11

Bien, avanzamos por la calle en esas condiciones, caminando sobre el césped para no hacer ruido. Solo se oía el roce de nuestras suelas. Allá reinaba el silencio de los barrios residenciales en las primeras horas de la noche, y desde algún lugar llegaban los compases de Bailando en la oscuridad interpretados al piano. Efectivamente, esa era la melodía. Ahora que él me lo había dicho, la había reconocido. Pero todavía era tan débil y lejana que apenas cosquilleaba los oídos. A ratos le miraba de reojo mientras caminábamos, pero su rostro no me indicaba nada.

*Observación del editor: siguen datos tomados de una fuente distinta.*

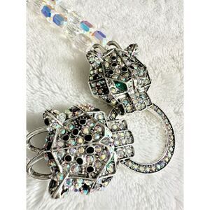 EYE CANDY LUXE Collection Aurora Borealis Dual Crystal Cube Panther Necklace NWT

Era extraña la persistencia que ponía en la historia de su hospital, y sin embargo cualquier detalle que surgía ante nosotros lo desviaba por una tangente. Yo me sentía un poco más desanimado que de costumbre desde que Angers me había recordado que no debía intentar huir. Después de todo él conocía mis intenciones, y el episodio de la bahía no había contribuido a mejorar la situación. Cielos, cuánto lamentaba que el coche no se hubiese precipitado al agua. Quizá habría rodado sobre la parte menos profunda y se habría hundido donde las aguas eran verdaderamente hondas. Quizá él se habría quedado allí abajo, o por lo menos habría perdido su maldita pistola. Entonces se me habría presentado una oportunidad. Pero tal como estaban las cosas, cualquiera que se atreviese aunque solo fuera a fruncir la nariz delante de él, estaba perdido.

—No se hace más fuerte, Steve —comentó.

—Tiene razón. Abandonemos la búsqueda.

—No, compañero. Tengo que saber de dónde viene.

Me rozó el brazo y seguimos caminando lentamente por los jardines que se extendían frente a las grandes mansiones. Rogué que la melodía se interrumpiese. Si enmudecía en aquel momento, él no sabría hacia dónde marchar y podríamos olvidarnos del asunto.

—Escuche —dijo.

Nos quedamos inmóviles y volvimos a escuchar. Sí, ahora se oía mejor la música.

—Venga.

—Está bien —respondí. Estaba cansado. Todavía apestábamos con el olor del fondo barroso de la bahía. El lodo se había pegado a mi pelo, y ahora se estaba secando un poco. Nuestras ropas estaban impregnadas de limo. Todavía tenía los pantalones mojados, pero ya estaban empezando a ponerse duros.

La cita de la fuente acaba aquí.